The communities formed by human gut microbes can now be predicted more accurately thanks to a new computer model developed in a collaboration between biologists and engineers, led by the University of Michigan and the University of Wisconsin.
Model making also suggests a path to scaling up the 25 species of microbes explored to the thousands that may be present in human digestive systems.
“Every time we increase the number of species, we get an exponential increase in the number of possible communities,” said Alfred Hero, John H. Holland Professor Emeritus of Electrical Engineering and Computer Science at the University of Michigan and co. -corresponding author. of the study in the journal eLife.
“That’s why it’s so important that we can extrapolate from data collected on a few hundred communities to predict the behaviors of the millions of communities we haven’t seen.”
As research continues to uncover the many facets of how microbial communities influence human health, probiotics often don’t live up to the hype. We don’t have a good way to predict how introducing a strain will affect the existing community. But machine learning, an approach to artificial intelligence in which algorithms learn to make predictions based on sets of data, could help change that.
“Problems of this magnitude have required a complete overhaul of the way we model community behavior,” said Mayank Baranwal, assistant professor of systems and control engineering at the Indian Institute of Technology, Bombay and co -first author of the study.
He explained that the new algorithm could map the entire landscape of 33 million possible communities in minutes, compared to the days or months required for conventional ecological models.
Microbial Sim Cities
Ophelia Venturelli, assistant professor of biochemistry at the University of Wisconsin and co-corresponding author of the study, was integral to this major milestone. Venturelli’s lab conducts experiments with microbial communities, keeping them in low-oxygen environments that mimic the mammalian gut environment.
His team created hundreds of different communities with microbes prevalent in the human large intestine, mimicking the healthy state of the gut microbiome. They then measured how these communities changed over time and the concentrations of health-important metabolites, or chemicals produced when microbes break down food.
“Metabolites are produced in very high concentrations in the intestines,” Venturelli said. “Some are beneficial to the host, such as butyrate. Others have more complex interactions with the host and gut community.
The machine learning model allowed the team to design communities with the desired metabolite profiles. This type of control may eventually help doctors discover ways to treat or protect against disease by introducing the right microbes.
Feedback for faster model building
Although research on the human gut microbiome still has a long way to go before it can come up with this type of intervention, the approach developed by the team could help get there faster. Machine learning algorithms are often produced with a two-step process: accumulate the training data, then train the algorithm. But the feedback step added by the Hero and Venturelli team provides a template for quickly improving future designs.
Hero’s team initially trained the machine learning algorithm on an existing dataset from the Venturelli lab. The team then used the algorithm to predict the evolution and metabolite profiles of new communities that Venturelli’s team built and tested in the lab. Although the model performed very well overall, some of the predictions identified weaknesses in the model’s performance, which Venturelli’s team reinforced with a second round of experiments, closing the feedback loop.
“This new modeling approach, coupled with the speed at which we could test new communities in the Venturelli lab, could enable the design of useful microbial communities,” said study co-first author Ryan Clark, who was postdoctoral researcher in Venturelli’s lab when he conducted the microbial experiments. “It was much easier to optimize the production of several metabolites at once.”

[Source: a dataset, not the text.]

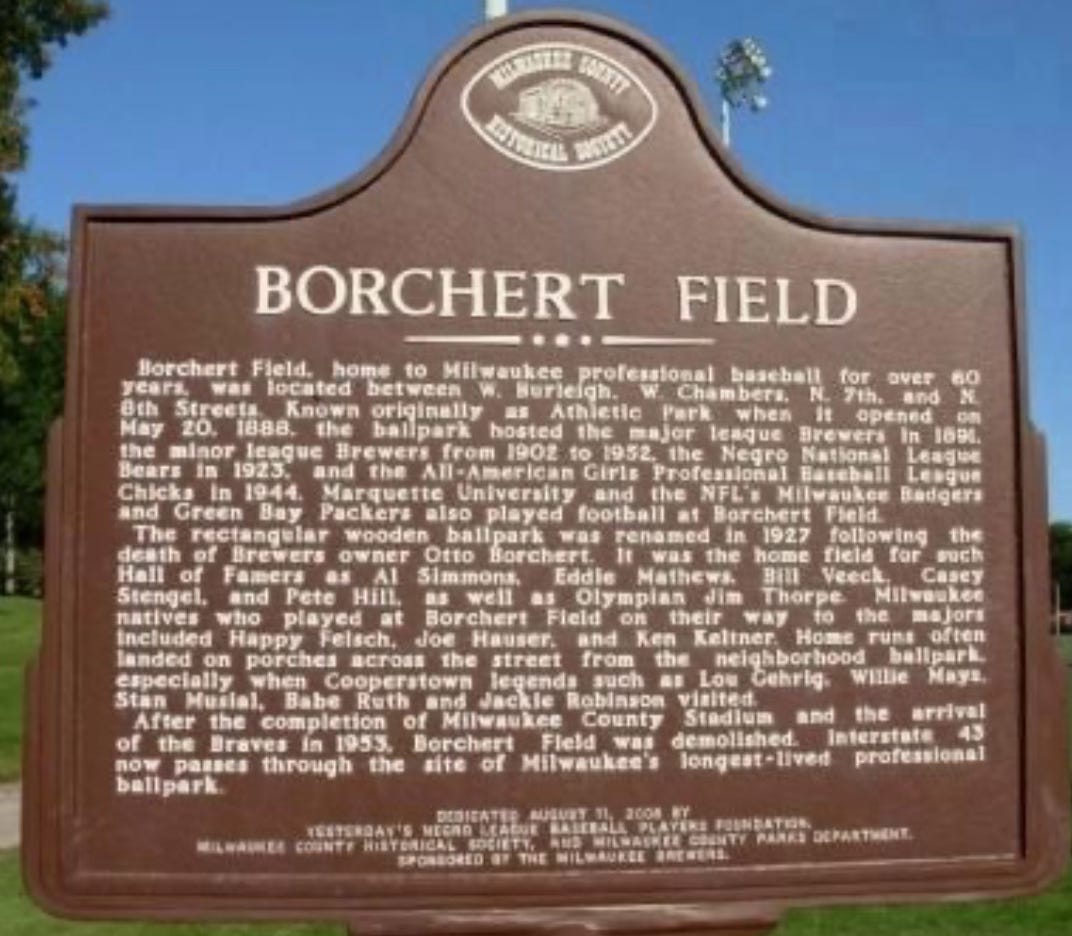 Earlier this week, I had to abort what had been a Herculian effort on my part to locate the historical marker for Borchert Field. After about 30 minutes driving around a north Milwaukee community that more resembled Gaza than the former home of a ballpark, I found the sign.

The group opted for a short-term memory neural network for the machine learning algorithm, which is good for sequence prediction problems. However, like most machine learning models, the model itself is a “black box”. To determine which factors went into its predictions, the team used the mathematical map produced by the trained algorithm. It revealed how each type of microbe affected the abundance of the others and what types of metabolites it supported. They could then use these relationships to design communities worth exploring through the model and in follow-up experiments.

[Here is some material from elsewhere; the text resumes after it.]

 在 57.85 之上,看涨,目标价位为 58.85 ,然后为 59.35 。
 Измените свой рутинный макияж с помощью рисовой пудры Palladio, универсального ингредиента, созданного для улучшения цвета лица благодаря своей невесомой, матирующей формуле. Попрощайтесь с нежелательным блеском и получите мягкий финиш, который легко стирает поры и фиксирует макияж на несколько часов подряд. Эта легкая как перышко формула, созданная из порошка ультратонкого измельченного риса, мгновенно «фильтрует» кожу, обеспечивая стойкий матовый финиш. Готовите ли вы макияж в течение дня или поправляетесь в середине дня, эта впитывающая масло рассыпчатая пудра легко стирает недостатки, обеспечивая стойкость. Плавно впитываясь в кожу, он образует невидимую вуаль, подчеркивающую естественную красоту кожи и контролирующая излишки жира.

The model can also be applied to different microbial communities beyond medicine, including accelerating the degradation of plastics and other materials for environmental cleaning, the production of valuable compounds for bioenergy applications, or improving the plant growth.
This study was supported by the Army Research Office and the National Institutes of Health.
Hero is also the R. Jamison and Betty Williams Professor of Engineering, and Professor of Biomedical Engineering and Statistics. Venturelli is also a professor of bacteriology and chemical and biological engineering. Clark is now a principal investigator at Nimble Therapeutics. Baranwal is also a scientist in the Data and Decision Science Division at Tata Consultancy Services Research and Innovation.